Key question for Alito: presidential power

Senate confirmation hearings, starting Monday, are expected to delve into presidential powers.

The confirmation hearings opening Monday for Judge Samuel Alito mark the official start in the long-awaited battle for the critical swing seat on the Supreme Court.

On the line are issues ranging from the scope of abortion rights and government regulation to how vigorously the federal courts will enforce civil rights. Judge Alito's 15-year record on the federal bench gives senators plenty to mine for signals on how he might rule on them.

But the Alito hearings also mark the reopening of a rare dialogue between the Congress and the other two branches of government over the balance of powers, especially in wake of disclosures of White House approval of surveillance without a warrant.

John Roberts, now chief justice of the United States, faced questions from senators on both sides of the aisle on the court's trend to rein in congressional power. For Judge Alito, a main concern will be whether Congress can curb executive power.

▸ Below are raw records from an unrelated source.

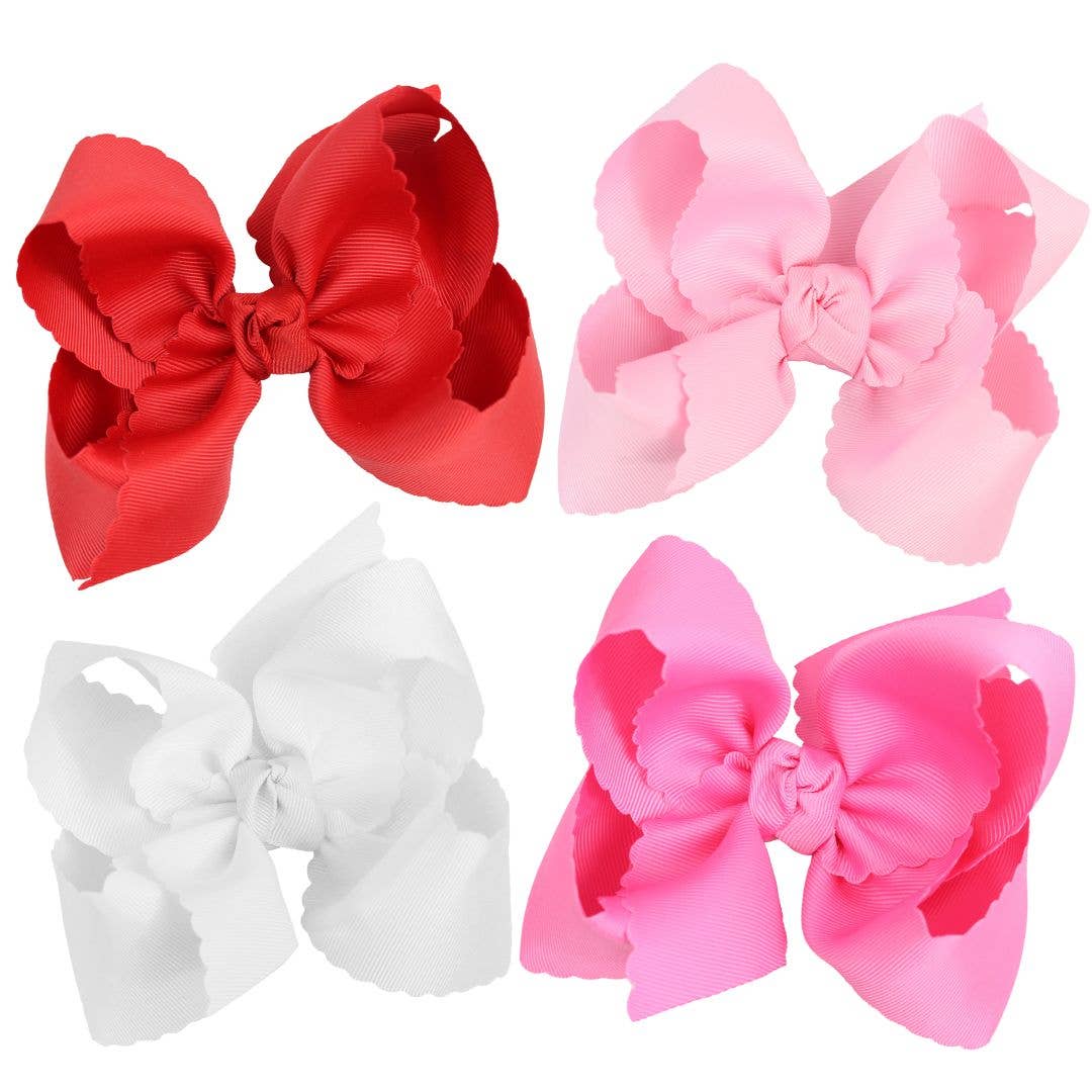 SCALLOPED EDGE BOW: Hot Pink / 5.5"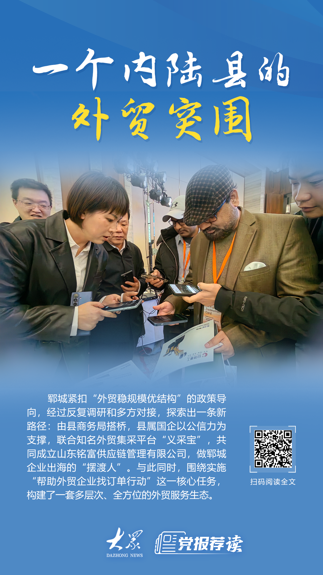 单一平台的搭建只是郓城外贸突围的一个缩影,更深层次的变革,则体现在当地围绕实施“帮助外贸企业找订单行动”这一核心任务,构建的一套多层次、全方位的外贸服务生态上。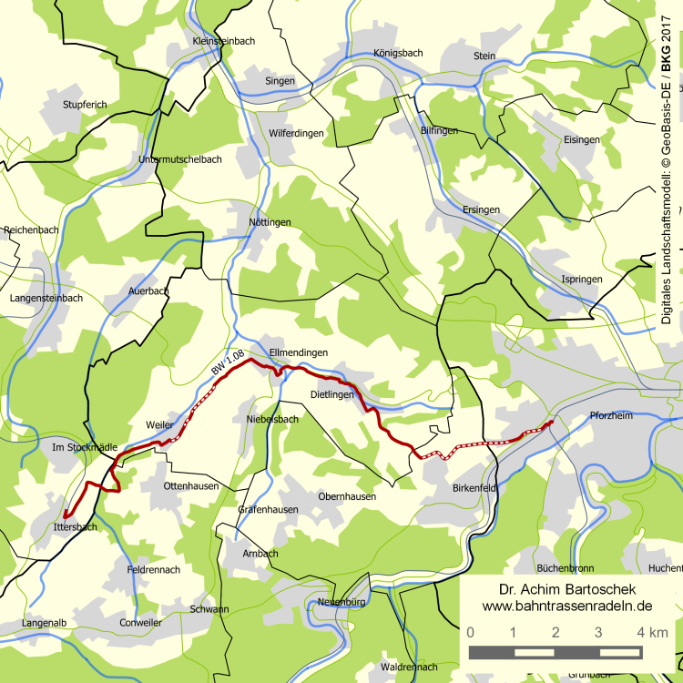 BW 1.08 Pforzheim Ittersbach (Teilstrecke der ehem. Kleinbahn nach Ittersbach) |  |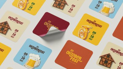 Ícones ilustrados manualmente, com traços leves e orgânicos, representam símbolos festivos, incluindo chapéu típico, pretzel, caneco de chopp, instrumento musical, lebkuchenherz e arquitetura enxaimel. A assinatura gráfica, por sua vez, equilibra robustez e leveza, com organização visual mais limpa, uso estratégico de boxes informativos e harmonia cromática.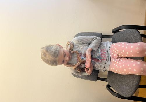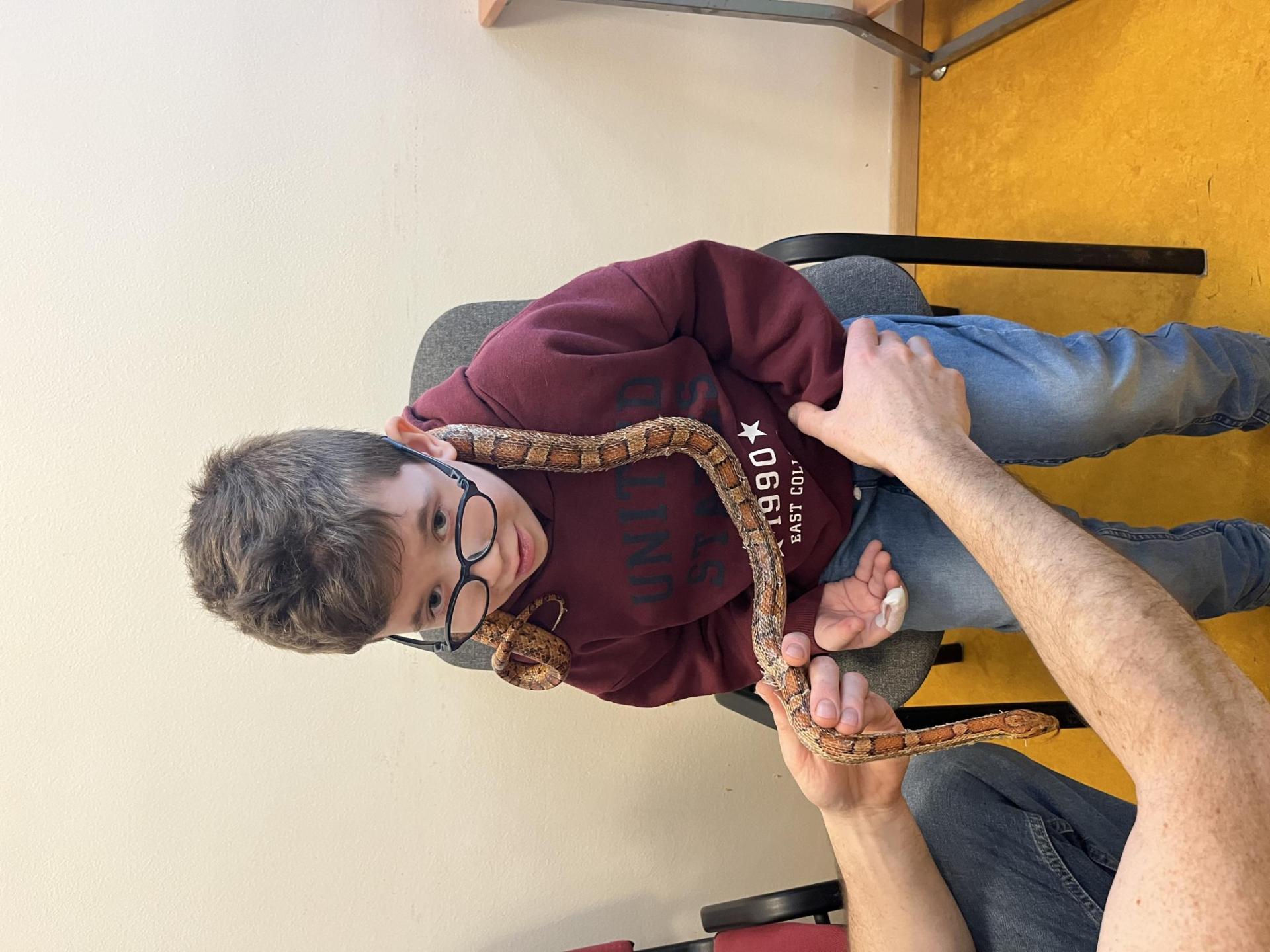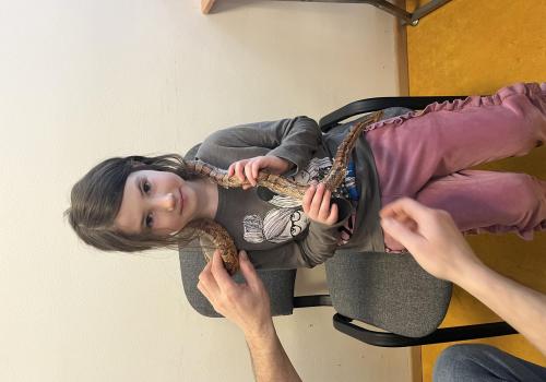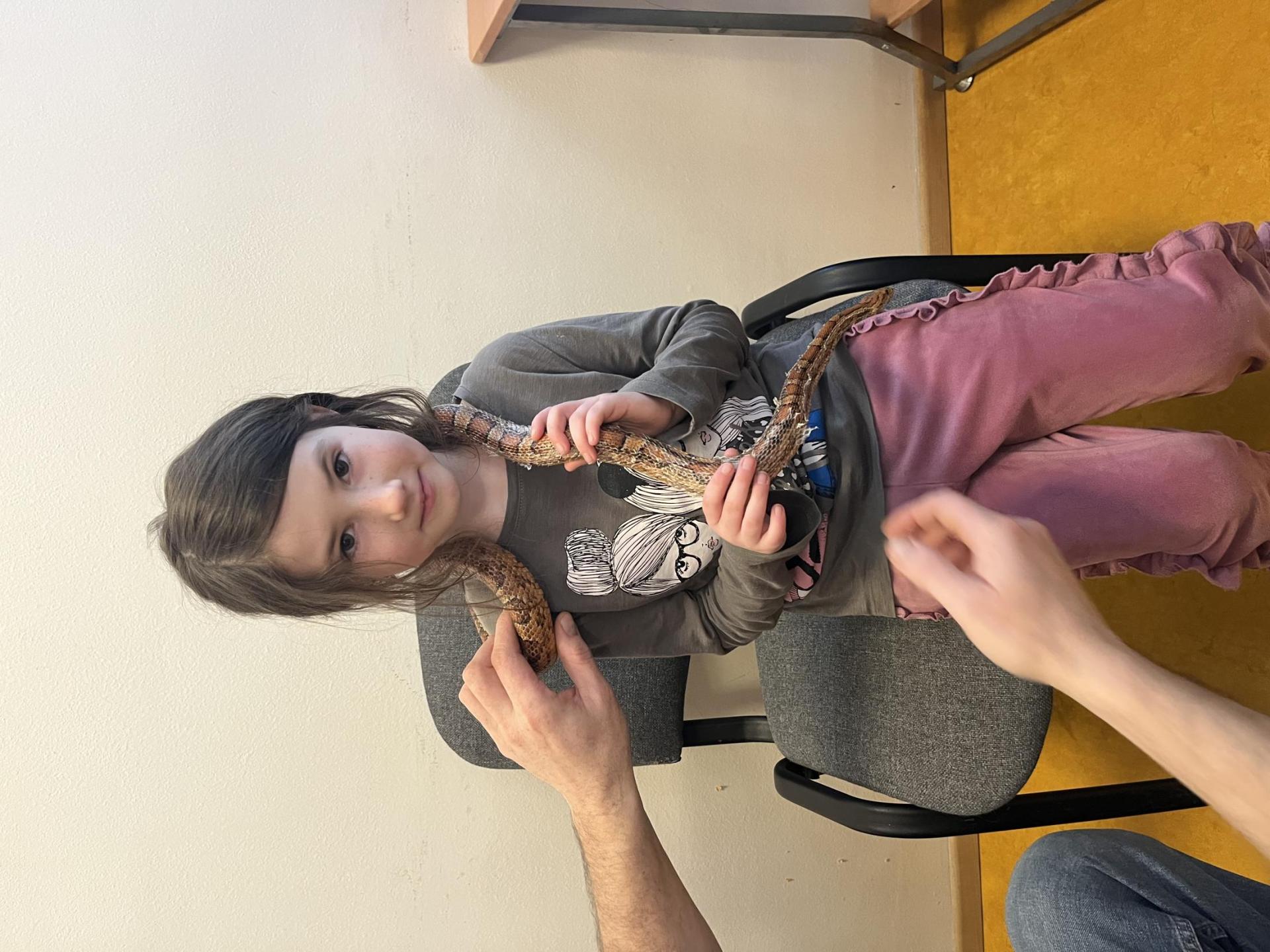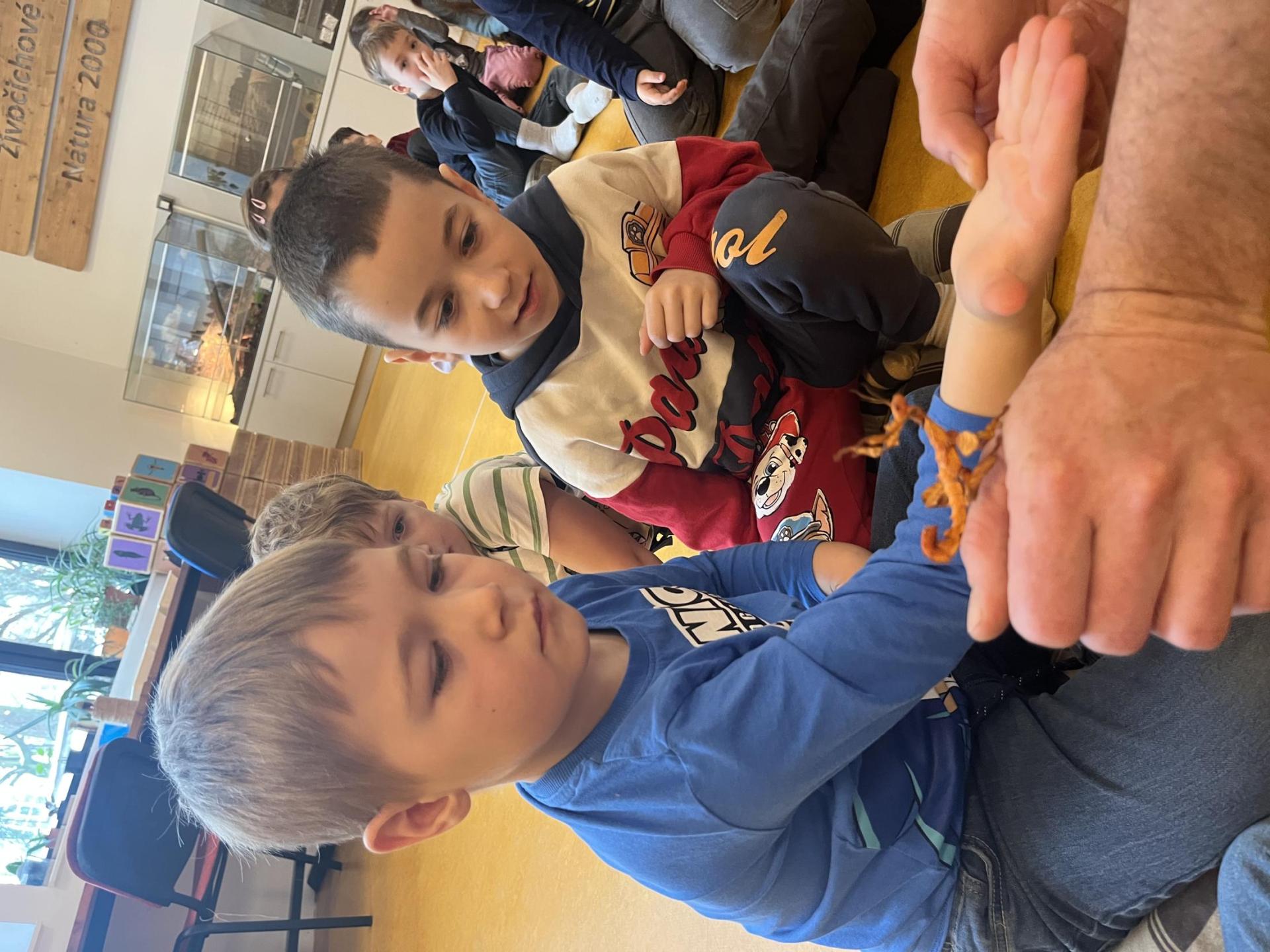 Obdiv si také získala užovka. Některé odvážné děti si ji dokonce mohly dát kolem krku a pozorovat ji z bezprostřední blízkosti. Během programu jsme si také vyzkoušeli poznávání zvířat hmatem – například jsme sahali na suchou hadí kůži nebo na krunýř želvy.

As he did in the Roberts hearing, Sen. Arlen Specter (R) of Pennsylvania, who chairs the Senate Judiciary Committee, will lead off with a question on abortion rights, aides say. But he plans to quickly segue to Alito's views on presidential power during times of war.

At issue: The program by the National Security Agency (NSA) to monitor international phone calls and e-mails between suspected terrorists and people in the US without first seeking a warrant. The Bush administration claims it had the authority to carry out the program based on a joint resolution of Congress after 9/11 that authorized the president "to use all necessary and appropriate force" against those involved in the attacks as well as his "inherent powers" as commander in chief.

"If the president has an inherent power to take necessary steps to protect the country, what Constitutional purpose does a use-of-force resolution, or a declaration of war, serve?" Senator Specter wrote in a Dec. 19 letter to Alito.

Senate math favors confirmation, but outside interest groups are mounting ad campaigns to sway senators in swing states, such as Maine, Rhode Island, Arkansas, Nebraska, and North Dakota.

"These hearings will be conducted in the Senate committee that is the ground zero for the culture wars, whose jurisdiction includes the most inflammatory issues of the day," says Ross Baker, a political scientist at Rutgers University in New Brunswick, N.J. "Members are under fierce pressure from interest groups, both left and right."

Democrats say that Alito can expect closer grilling than Roberts and will need to be more forthcoming, because he has a more extensive public record on issues such as executive power, congressional power, personal autonomy, and choice. Even under the so-called Ginsburg precedent, nominees answer questions on their opinions and published writings.

In the runup to Monday's hearings, Democrats tried to draw a link between President Bush's authorization of NSA wiretaps and a 1984 memo in which Alito, then an assistant to the solicitor general in the Reagan administration, wrote that he did not question whether former Attorney General John Mitchell should have blanket immunity from lawsuits for wiretapping Americans without a warrant in the early 1970s. But "for tactical reasons, I would not raise the issue here," he wrote, in documents released last month by the National Archives.

"He has endorsed in writing a truly vast power for the presidency," said Sen. Charles Schumer (D) of New York, a member of the Senate Judiciary Committee, in a speech on Capitol Hill Thursday. "Does he believe in any checks on presidential power? These issues have never been more important in light of revelations on warrantless wiretapping."

The issue of executive power resonates with some Senate Republicans as well, who broke with the White House last month on the extension of the USA Patriot Act, citing privacy concerns. And senators voted overwhelmingly to enforce a ban on torture in the interrogation of detainees, over a veto threat by Mr. Bush.

The hearings open at noon in the vast Hart hearing room, with opening statements from senators and Judge Alito, as well as introductions by Sen. Frank Lautenberg (D) of New Jersey and former New Jersey Gov. Christine Todd Whitman. Thirty-minute rounds of questioning begin on Tuesday and are expected to continue throughout the week, with a committee vote as early as Jan. 17

Unusually, witnesses will include a panel of judges from the US Court of Appeals for the Third Circuit, including Judge Edward Becker, who also worked closely with Specter and outside groups on a settlement on asbestos lawsuits.

"They will testify about [Alito's] approach to judging, as to whether he has an agenda, as to whether he is ideological, whether he pushes any specific point of view," said Specter, in a statement Friday.

While three of the eight Democrats on the Senate Judiciary panel voted with all 10 Republicans to confirm Judge Roberts, the Alito vote is likely to be down party lines, say court watchers. If so, then the outcome comes down to whether Democrats mount and can sustain a filibuster, a procedural move to block a final Senate vote on the nomination.